You can set the comments to automatically close after a certain period of time has passed.
That way old posts aren’t attracting spammers who are trying to slip by unnoticed and you’ll have less work to do when it comes to comment moderating tasks, but you also have the opportunity to discuss topics with visitors while those topics are fresh and new. You can set this to any number of days, so set it to whatever you’re comfortable with.
Changing those few things will help keep spam in the trash folder where it belongs and keep your to-do list short.

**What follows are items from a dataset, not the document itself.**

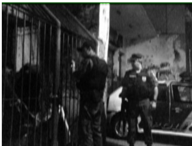
NA MADRUGADA DE 2º DE JULHO, A POLÍCIA MILITAR IMPEDEM OS OCUPANTES DE ENTRAR, SAIR OU ENTRAR ÁGUA E ALIMENTOS NO PRÉDIO.
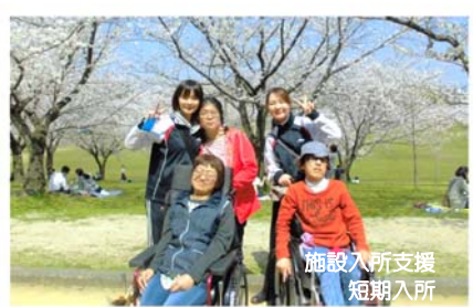
施設入所支援 短期入所
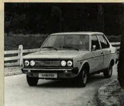
131. Va ser la novetat del 1975, un cotxe de gamma alta i potent que ofería una imatge moderna.

The Discussions page is also where you choose the settings for avatars and Gravatars that will show up in the comment section. While not super important, or even necessary, they do brighten up the comment section and they bring a personal element to the conversations that happen in the comment section since most people use the same image for Gravatar as they do on other social media sites like Facebook and Twitter.
These settings are pretty self explanatory and mostly just personal preference.
And if you have Jetpack installed the last section on the Discussion settings will be whether or not you want to display the option for visitors to subscribe to comments by email.
Creating Sharable Content
If you’re creating content on your website then you probably want people to share it. The plugins we talked about help make the sharing easy for the visitor, but the first step is creating content worthy of being shared.
Not every article you write will gets hundreds of shares or comments, and that’s perfectly okay. Sometimes content we know is useful isn’t necessarily the most popular or the most shared, it needs a little help reaching the right people.
Put your best content out there, share it, promote it, and good things will happen. If you have a great piece that isn’t getting as many shares as you’d like you can try giving it a boost through paid Facebook advertising or even use a free sharing service (with paid options available) like ViralContentBee or JustRetweet.
We’ve covered quite a bit here, and I’m sure we could talk about social elements for days and still have more to discuss. I hope this gives you a few starting points and things to consider for incorporating social elements into your new website. You can do some of these things, all of these things, or none of these things, depending on what your business goals are.
Homework and Action Steps:
- Add social plugins if you want to.
- Include social follow icons if you want them.